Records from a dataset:
=-=-=-=-=
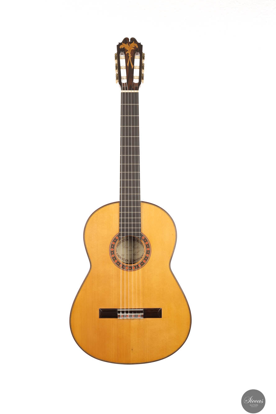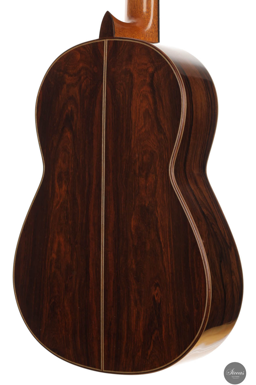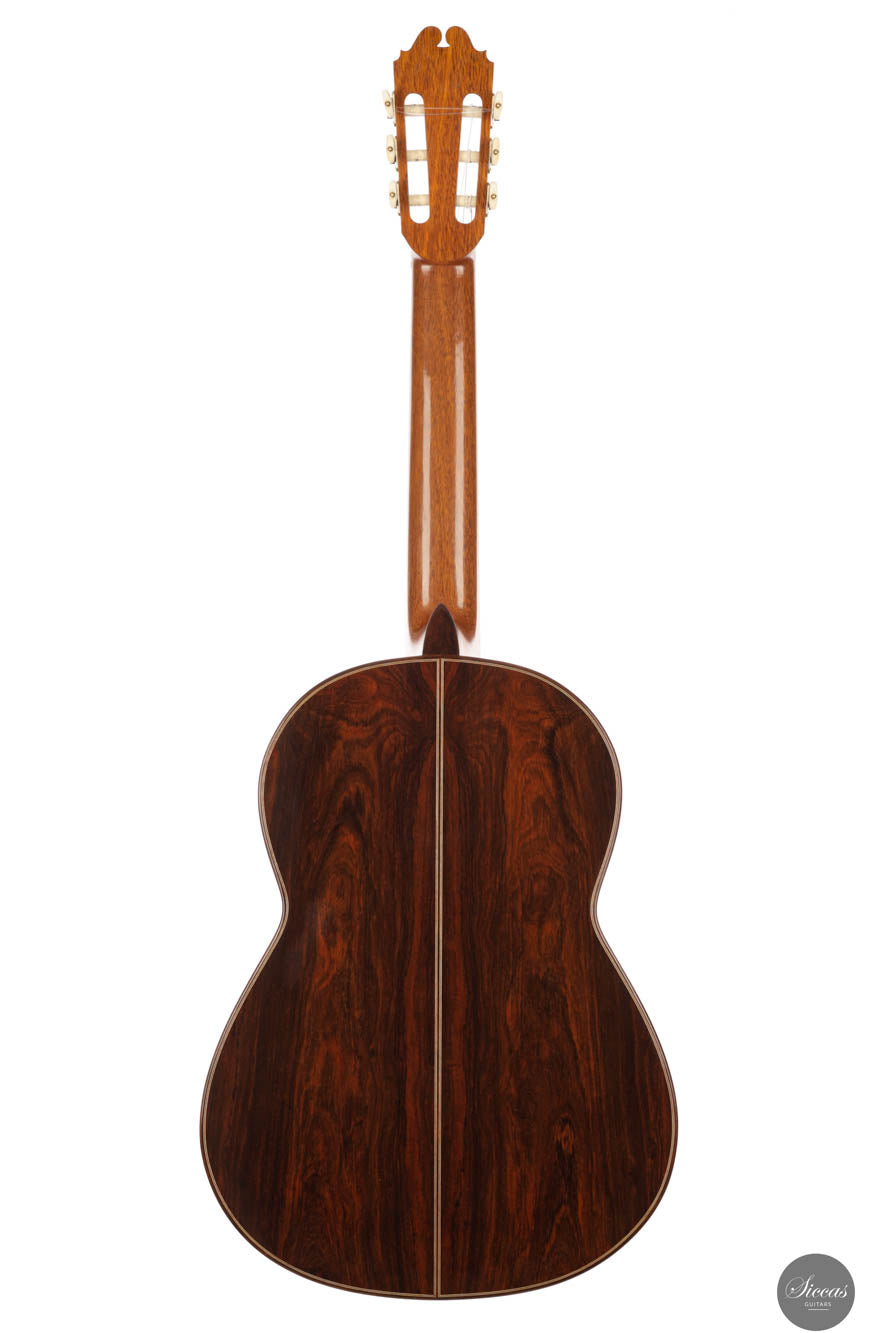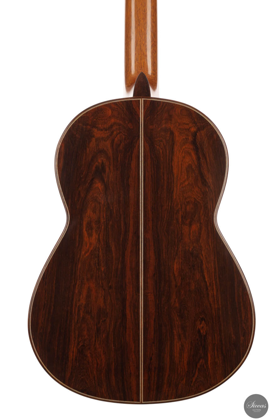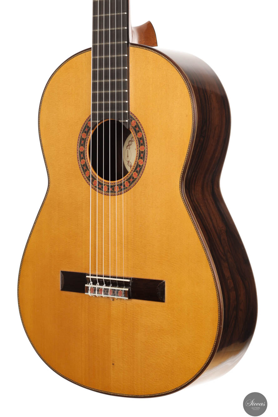 This guitar, crafted by one of the best British guitar makers, stands out as a spectacular instrument with modern acoustic properties for its time. Traditionally built, it features an exceptional evenness on the first string, a quality rarely seen even in contemporary guitars. Its sound has a piano-like timbre, yet it remains brilliant enough to fill any concert hall. This guitar offers comfortable playability and responds quickly to right-hand dynamics. As a pre-loved instrument, it is in remarkable condition, displaying almost no signs of wear, with only some nearly invisible thin scratches. The Brazilian rosewood used for the back and sides is particularly rare and adds to the instrument's value, making it a true jewel among classical guitars. This guitar not only captures the essence of superior craftsmanship but also showcases the rarity of such quality woods today.
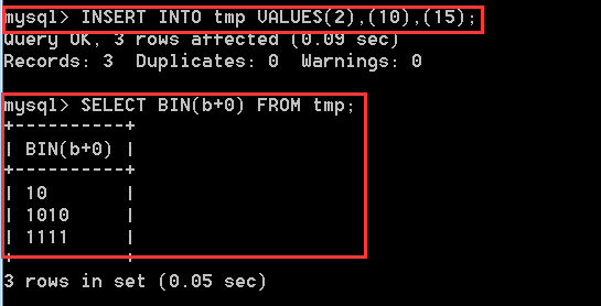 解釋:我們將2,10,15這三個(gè)10進(jìn)制存入數(shù)據(jù)表中,其字段為BIT類(lèi)型,所以在表中存放的是二進(jìn)制數(shù),但是將其顯示出來(lái),要先將二進(jìn)制數(shù)轉(zhuǎn)換為對(duì)應(yīng)的數(shù)字的值,也就是通過(guò)b+0, 然后在通過(guò)BIN()函數(shù)將數(shù)字轉(zhuǎn)換為二進(jìn)制。我們可以嘗試不用BIN()函數(shù),只用b+0,看輸出什么
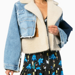 Deze unieke jas combineert denim met een warme sherpa voering en opvallende leren details. De contrasterende stoffen en kleuren zorgen voor een gedurfde, trendy look, terwijl de korte pasvorm perfect is voor een casual-chique stijl. Ideaal voor frisse dagen waarop je zowel warm als stijlvol wilt blijven.
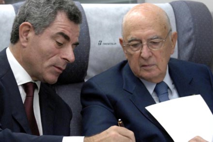 Il Presidente Giorgio Napolitano con Mauro Moretti, Amministratore Delegato delle Ferrovie dello Stato durante il viaggio per Mergellina
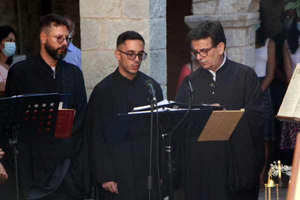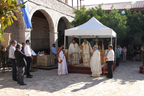 Κατά τον όρθρο και την πανηγυρική Θεία Λειτουργία προεξήρχε ο Σεβ. Μητροπολίτης Μεσσηνίας κ. Χρυσόστομος, πλαισιούμενος από τον Καθηγούμενο Αρχιμ. Προκόπιο Σμυρνή, τον Αρχιμ. Αλέξιο Σαραντόπουλο και το Διάκονο Θεόφιλο Κυριάκο.
=-=-=-=-=
YOUR INSTRUCTIONS — An exact copy of the lines above, from the first through the line that holds "解釋:我們將2,10,15這", is what is needed; leave the pictures out.

TASK OUTPUT —
 This guitar, crafted by one of the best British guitar makers, stands out as a spectacular instrument with modern acoustic properties for its time. Traditionally built, it features an exceptional evenness on the first string, a quality rarely seen even in contemporary guitars. Its sound has a piano-like timbre, yet it remains brilliant enough to fill any concert hall. This guitar offers comfortable playability and responds quickly to right-hand dynamics. As a pre-loved instrument, it is in remarkable condition, displaying almost no signs of wear, with only some nearly invisible thin scratches. The Brazilian rosewood used for the back and sides is particularly rare and adds to the instrument's value, making it a true jewel among classical guitars. This guitar not only captures the essence of superior craftsmanship but also showcases the rarity of such quality woods today.
 解釋:我們將2,10,15這三個(gè)10進(jìn)制存入數(shù)據(jù)表中,其字段為BIT類(lèi)型,所以在表中存放的是二進(jìn)制數(shù),但是將其顯示出來(lái),要先將二進(jìn)制數(shù)轉(zhuǎn)換為對(duì)應(yīng)的數(shù)字的值,也就是通過(guò)b+0, 然后在通過(guò)BIN()函數(shù)將數(shù)字轉(zhuǎn)換為二進(jìn)制。我們可以嘗試不用BIN()函數(shù),只用b+0,看輸出什么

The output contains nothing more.